Thinning the shelves

Are books just clutter you should get rid of or an essential or something in between? Julian Baggini leans toward the first.

Having recently put everything into boxes for the less terminal adventure of a house move, we decided to strictly limit how much came out of them at the other end. However, we knew that there is one kind of object that defiantly resists the cardboard coffin: books. Like so many, we would happily decimate our wardrobes, clear out our cupboards and gut our garages, but would struggle to liberate our libraries. Why is it so hard?

For a lot of reasons. We want to read a lot more books than we get around to reading. Some books merit re-reading, some multiple times. It’s good to have a wide choice. Reading actual books as opposed to articles (or ahem blog posts) is a good workout for the brain…even if you do swiftly forget what you’ve read, at least I hope so.

But more than that – more, and vaguer. A deflating reason Julian talks about is showing off, displaying how clever you are, trying to impress. Maybe, but I think there’s also a less tacky version of that, which is an actual love of books, and what they stand for (not just in the sense of flattering your vanity). They look right – they look more right than a wall filled with a screen. If you grew up on books, and remember your first trips to the public library and finding great heaps of book that you took home and devoured, you like having a wall of them even if no one ever sees it.

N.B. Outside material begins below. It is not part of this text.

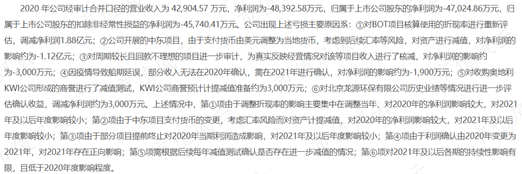 并且……在2020年报修正公告里,称考虑公司收购龙源环保时存在评估增值,调减净利润0.3亿。
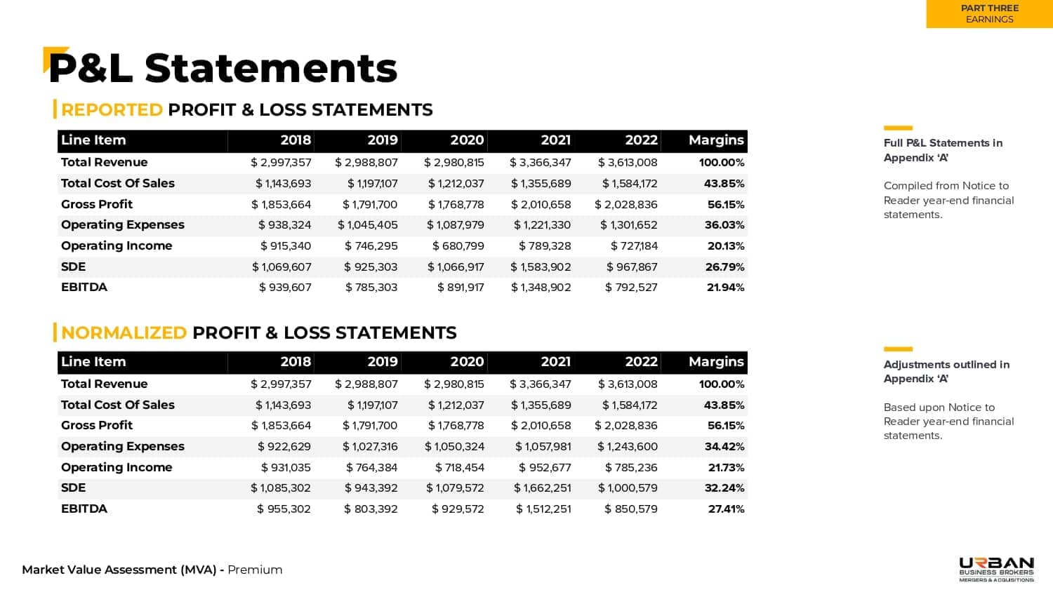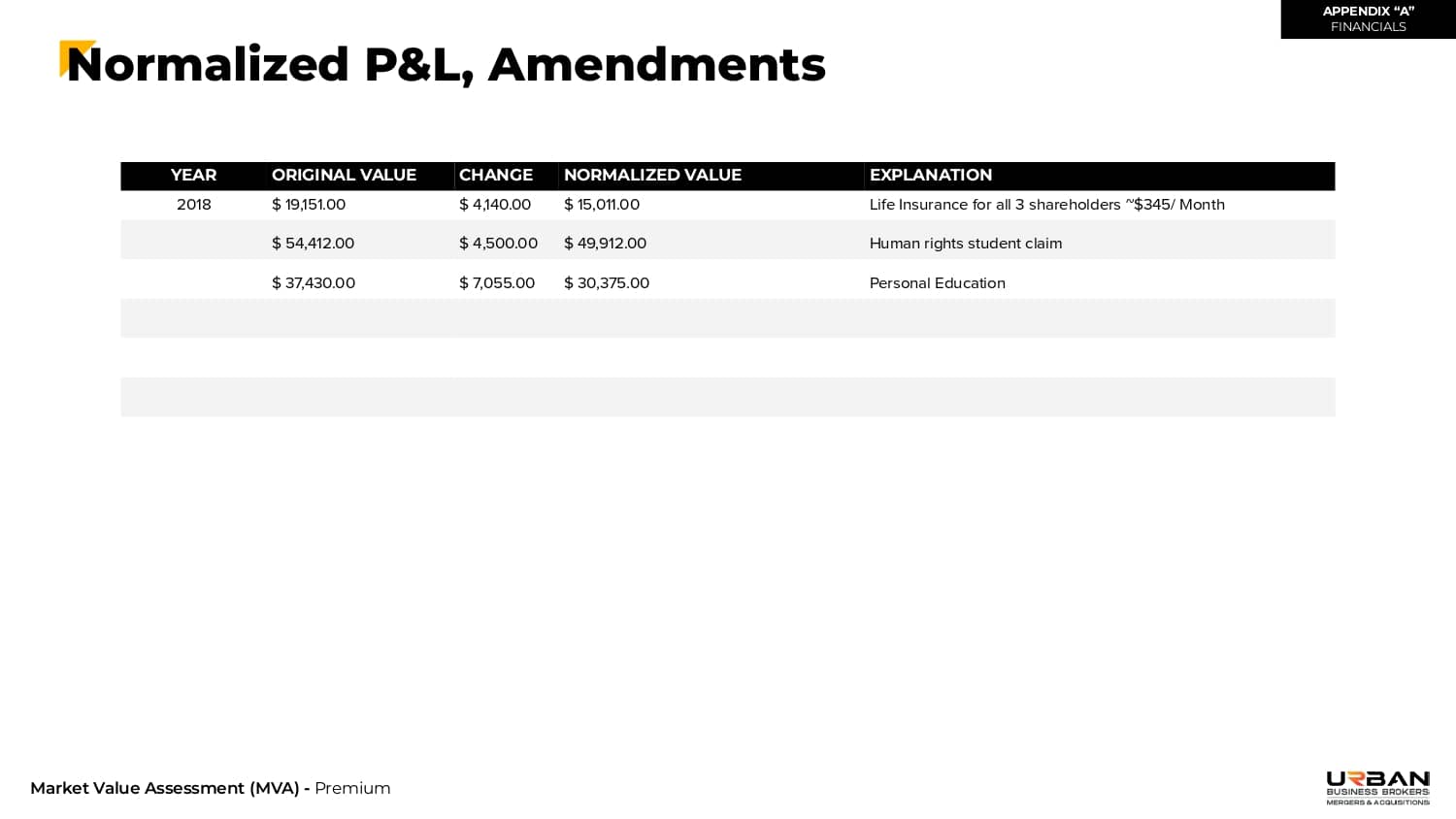 Our analysts normalize (adjust) your reported financials based on certain parameters to identify the true earning potential of your firm.

This doesn’t apply to books as books, though; they have to be books you care about, books you want to read or re-read. Acquiring 10 boxes of books you have no interest in from a garage sale is no use at all.

This is clearly what Julian meant too, since he didn’t get rid of all of them, but just thinned them out.

We still have more than enough books left, though maybe not enough to impress a true library-builder. But nearly 500 books have been boxed, and I am already feeling lighter. As my better half said, before there were so many books it was as though you couldn’t see the trees for the wood. We couldn’t delight in any of them because we were overwhelmed by all of them.

Ah, a mere 500, ones he didn’t actually want to read. That’s another matter.